Coltivare con un metodo biologico significa seguire un procedimento di coltivazione naturale che, grazie a una programmazione scrupolosa del vigneto, riesce a fare a meno della chimica, nel pieno rispetto del vitigno e del territorio. Si evitano così le forzature operate tradizionalmente con fertilizzanti chimici e antiparassitari sistemici, cioè quei prodotti fitosanitari di sintesi, i cui principi attivi vengono assorbiti dalle radici e dalle foglie, e messi così in circolo per essere distribuiti in tutte le componenti della pianta, compresi i frutti. I trattamenti chimici rappresentano una scorciatoia in grado di stimolare più velocemente la produzione quantitativa della pianta a discapito della qualità e altrettanto velocemente, impoveriscono il terreno rompendo il rapporto tra quest’ultimo, la pianta e il clima, ovvero compromettendo l’ecosistema naturale del vigneto.

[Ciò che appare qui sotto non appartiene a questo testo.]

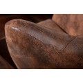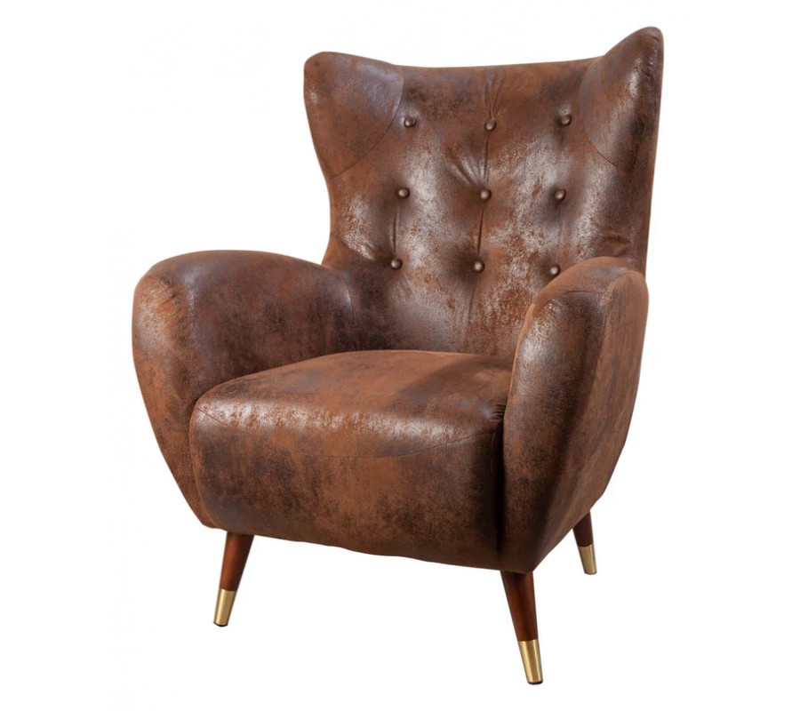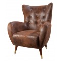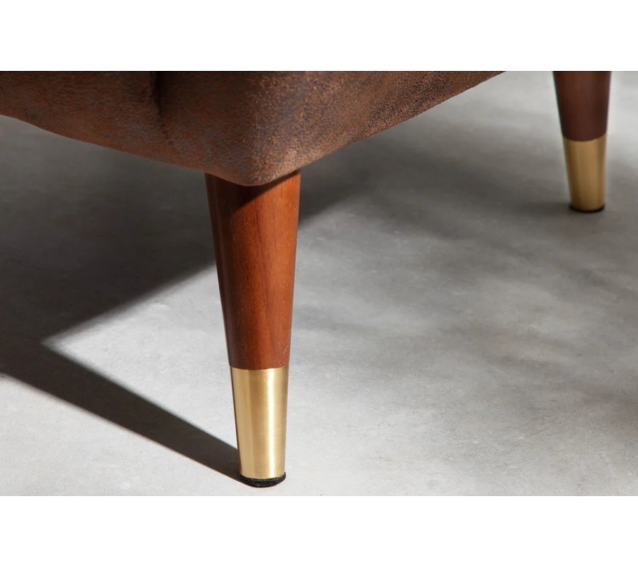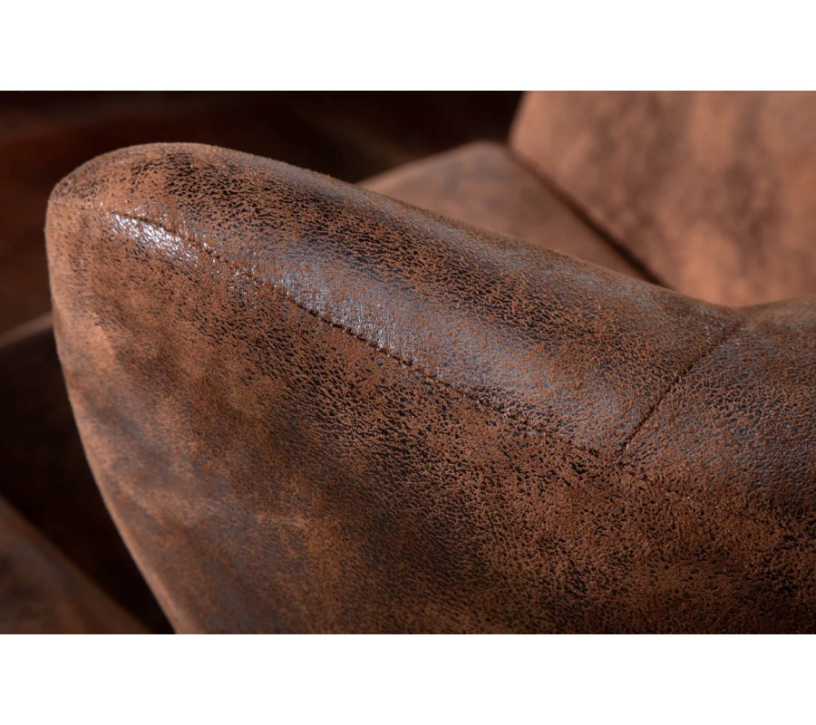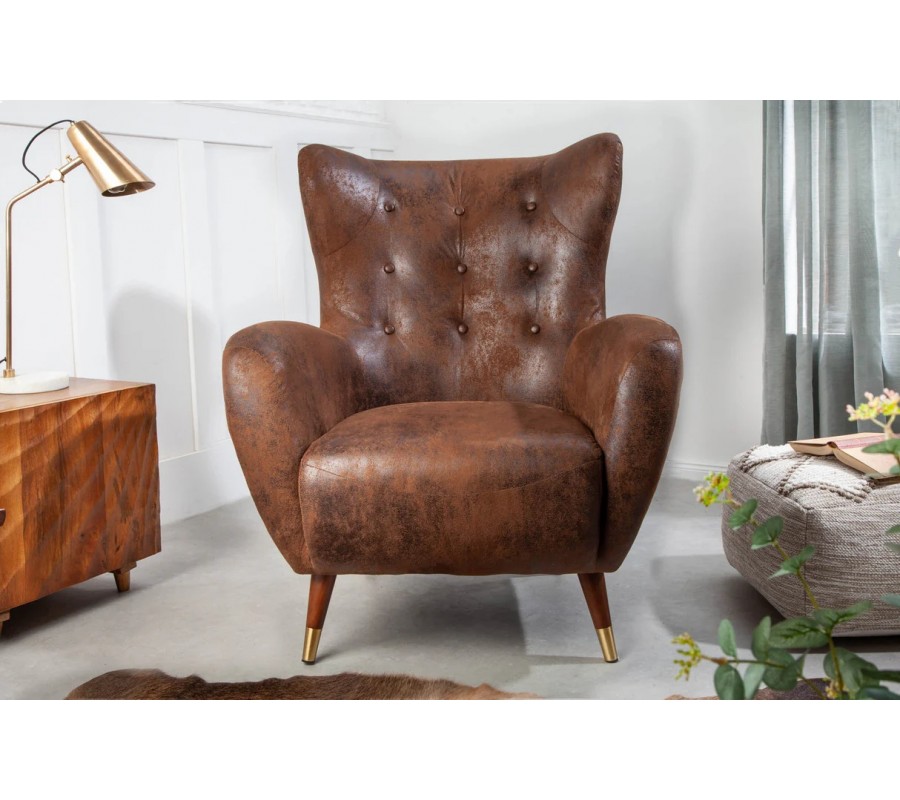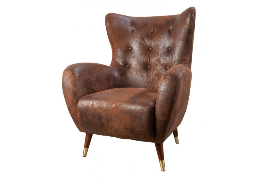 Poťah v hnedej farbe s výraznou patinovanou štruktúrou pôsobí ako stará brúsená eko koža a dokonale zapadá do art deco a vintage interiérov. V oblasti operadla sa nachádza prešívanie s gombíkmi usporiadanými do stĺpcov, ktoré zdôrazňuje vertikálnu líniu a pridáva kreslu dekoratívny rozmer.

 Un ecosistema sano ed equilibrato, garantito dalla conduzione biologica del terreno e della vigna, è il presupposto necessario allo sviluppo di una pianta forte, in grado di produrre uve sane, ricche e mediatrici dei sentori tipici del terroir, ovvero le uniche veramente caratteristiche, e caratterizzanti, di un territorio.

 ll vino biologico è il frutto di questo metodo di lavoro in vigna e in cantina, ovvero è un vino la cui produzione segue regole ben precise, stabilite dal Regolamento CE 834/2007. Come abbiamo detto, sono banditi tutti gli antiparassitari ed i concimi chimici di sintesi. Il procedimento di fertilizzazione e difesa delle piante da funghi e parassiti avviene dunque con concimi organici e attraverso il rinforzo preventivo delle difese immunitarie delle piante, ad esempio tramite concimazioni mirate ed equilibrate, e utilizzando antiparassitari di origine naturale quali il rame, lo zolfo e principi attivi ottenuti da altre piante, oppure impiegando la lotta biologica, come l’uso di coccinelle e altri insetti antagonisti dei più comuni parassiti.

 In cantina, si procede allo stesso modo, ovvero escludendo nel processo di vinificazione i prodotti chimici di sintesi, in particolare, si è stabilito un limite massimo nell’uso dei solfiti, ovvero dell’anidride solforosa totale, a 100 mg/L per i vini rosso secchi e a 150 mg/L per i vini bianchi secchi.

 Una precisazione è d’obbligo su questo aspetto. La soglia oggi riconosciuta come limite massimo dell’anidride solforosa totale per il vino biologico dall’Unione Europea, infatti, è il risultato di un lungo e complesso dibattito tra i vari paesi membri; fuori dall’Europa le soglie cambiano, per questo si raccomanda la massima attenzione e si rimanda ai regolamenti dei singoli paesi.

 Si tende a pensare che il vino biologico non sia “naturale” tanto quanto il biodinamico poiché contempla una piccola soglia di solfiti aggiunti, credendo erroneamente che queste altre tipologie di vino non ne contengano affatto. E’ un errore crederlo, perché il vino contiene naturalmente solfiti, che si sviluppano durante i naturali processi di fermentazione: è proprio grazie a queste sostanze che, fin dall’antichità, è stato possibile vinificare. I solfiti endogeni sono quindi presenti anche nei vini a cui non è stata aggiunta anidride solforosa, da sempre utilizzata in enologia per le sue importanti azioni antiossidanti, conservanti e antisettiche, indispensabili alla salute e alla qualità del vino.

 Dunque la differenza principale dei vini biologici rispetto ai vini tradizionali è che non contengono sostanze chimiche di sintesi e proprio per questo hanno un indiscutibile valore aggiunto: tutelano la salute dell’ambiente e rispettano quella del consumatore.